── DATA SEGMENT
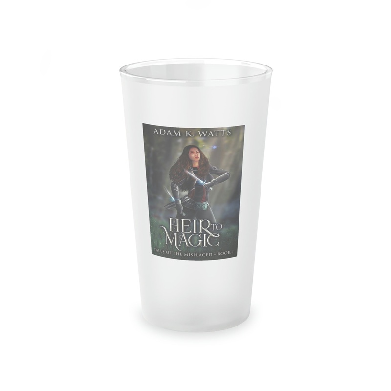 This frosted matte finish pint glass is versatile and dishwasher-safe. The cover art in this pint glass is from Adam K. Watts's book, Heir To Magic.
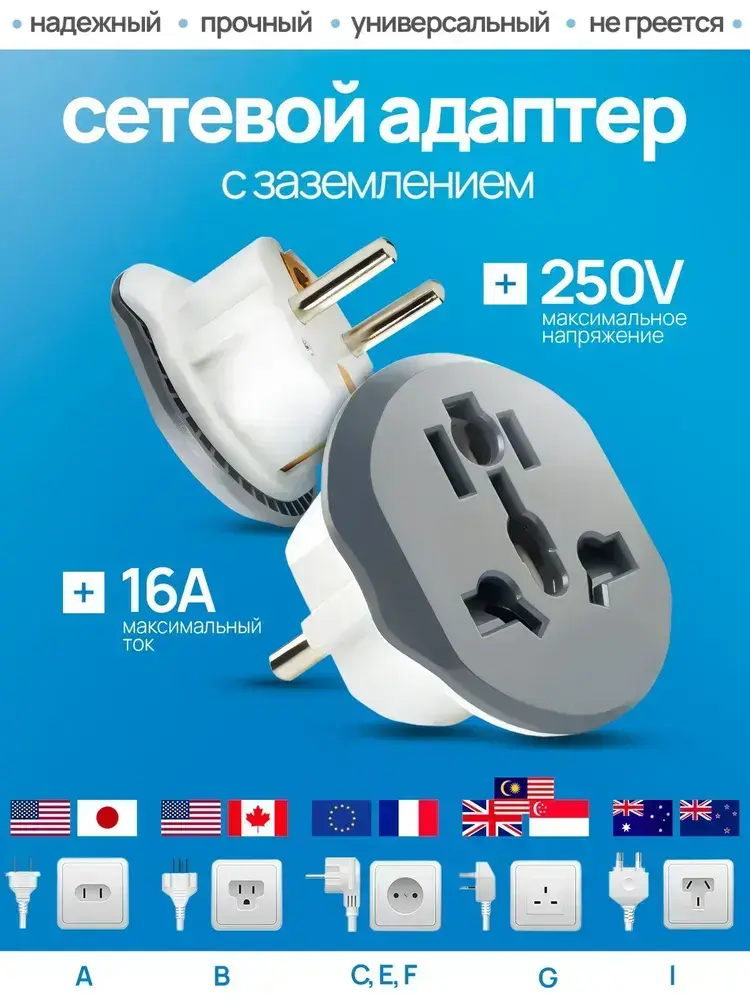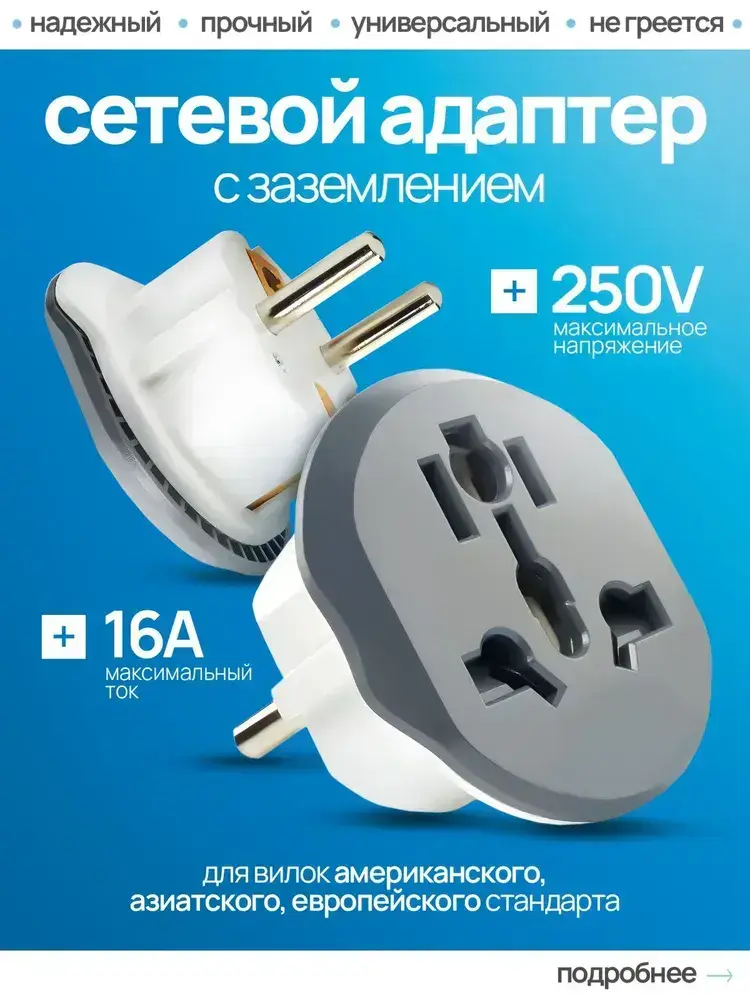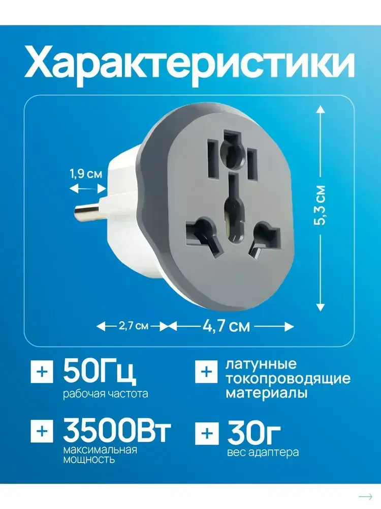 переходник с китайской вилки на российскую , переходник на евровилку , серый Латунь! R74S 16А Сетевой адаптер для путешествий
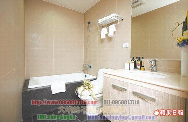 ●主臥衛浴有面盆、浴櫃、浴缸與免治馬桶座
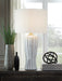 Details Made of polyresin with drum hardback fabric shade, Antiqued gray finish, 3-way switch, 1 E26 socket, type A bulb recommended (not included); 150 watts max or LED equivalent; UL Listed, Minor assembly required; simply attach preassembled shade to lamp base
────
> _YOUR TASK_: Everything in the data must be printed verbatim except the pictures.

> _SOLUTION_:
 This frosted matte finish pint glass is versatile and dishwasher-safe. The cover art in this pint glass is from Adam K. Watts's book, Heir To Magic.
 переходник с китайской вилки на российскую , переходник на евровилку , серый Латунь! R74S 16А Сетевой адаптер для путешествий
 ●主臥衛浴有面盆、浴櫃、浴缸與免治馬桶座
 Details Made of polyresin with drum hardback fabric shade, Antiqued gray finish, 3-way switch, 1 E26 socket, type A bulb recommended (not included); 150 watts max or LED equivalent; UL Listed, Minor assembly required; simply attach preassembled shade to lamp base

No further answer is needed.